Just because I do something in a video doesn't mean that's what i feel is best in a different scenario. I overplay almost everything in all of my videos. Why? Because that's what my viewers want to see. I can't remember the last time someone came on a video and said "I came to YouTube to watch the most simple rendition of a song you can possibly do, so I would appreciate it if you could just play time for 4 minutes and I'll watch"

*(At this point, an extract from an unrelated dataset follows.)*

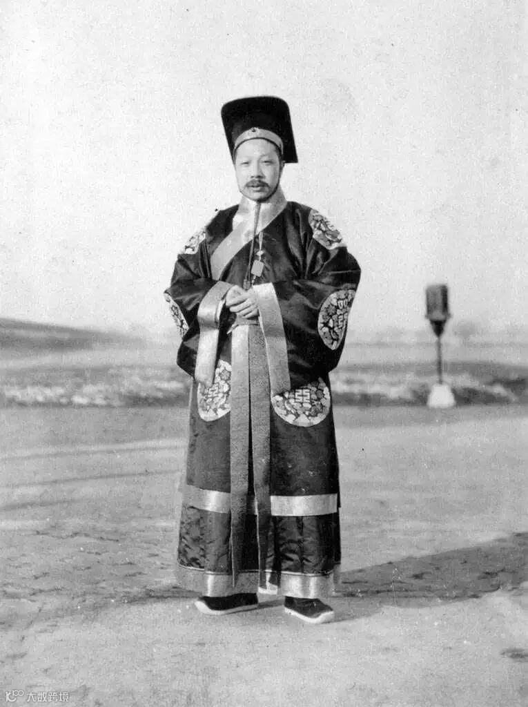 1914年,祭天仪式中穿着祭祀冠服的朱启钤

I don't think any of you can argue that I know what I'm doing in terms of reaching an audience and having people enjoy what I do in video format. In a live setting, there are times where I tone down the overplaying quite a bit. There are still times where I keep it there because people love it, but for you to make a statement that I don't understand that if I were to play for a big name artist they'd want me to play more time and less fills, that's crazy. Of course I understand this, but I also understand that the same principle doesn't translate to a visual medium like YouTube. I know what I'm doing can't be that out of line, because I have been recognized by people who are actually somebody in the music industry. Zakk Wylde shared my cover of his track Stillborn just the other day (which is a cover that's not perfect), Mike Shinoda of Linkin Park tweeted out my cover of their new song and was impressed. Chad Szeliga and I are friends and he shares my videos. And my favorite drummer on the entire planet, Chad Smith was blown away by what I do when I met him. (Not technically impressed of course lol, but excited about what I do for the drum community).

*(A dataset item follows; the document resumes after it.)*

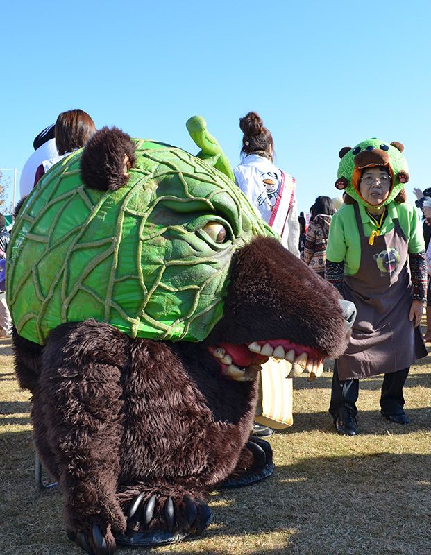 Otro personaje que no era precisamente adorable era Melon Kuma, un oso de aspecto feroz con una cabeza con forma y textura de melón. La mascota viene de Yūbari, Hokkaidō, una ciudad famosa por sus melones, y temerosa de los osos que se los comen. La fiereza del personaje contrastaba con su encantador secuaz, una anciana que también contaba con cabeza en forma de melón.

As far as gigs go, no, I don't play for Bruno Mars, but do you? I in no way intend to bash anyone commenting on this thread, but I feel most of you probably play similar gigs to what I do. I get paid (and I'm on scholarships) to play for Georgia State's marching band and basketball band, I get paid to play and fill in at various churches, I get paid to appear and play at various events, and although I don't do it as much anymore due to time constraints because of YouTube/GSU, I used to get paid to play with quite a few bands in the Atlanta area and still get asked to fill in all the time. Not to mention, I'm 22 years old and still in school. I'm working my way towards the bigger gigs, I'm not 80 and past my chances. lol
And as far as exposure/endorsements/all that jazz goes. I wish everyone could have endorsements and you are very correct that it all boils down to exposure. No, Pearl and Zildjian don't think I'm the best drummer out there, but they both think I have enough ability to positively represent the company and they both are a fan of what I do for the drum community. No, I'm not most deserving technically speaking, but I will say you'd be hard pressed to find someone who has worked harder on his career/exposure/network etc than myself. That is one of the biggest things I try to teach the people who watch me. I don't do a lot of technical/technique based lessons, because I feel I am not the one to be speaking about that, but I do lessons discussing hard work, encouragement, going after your dreams and having the most fun you can while playing. That is what I promote.
If there is one thing I can ask of you, let it be that you positively influence the drum community and use your powers for good. You don't have to like my playing or anything, and heck you don't even have to like me if you don't, but don't go around judging people that you don't really know. Someone could be reading your responses, and be discouraged because they still have a way to go, themselves.
I appreciate you reading this, if you did.
Have a great one, work hard, jam hard, and have fun!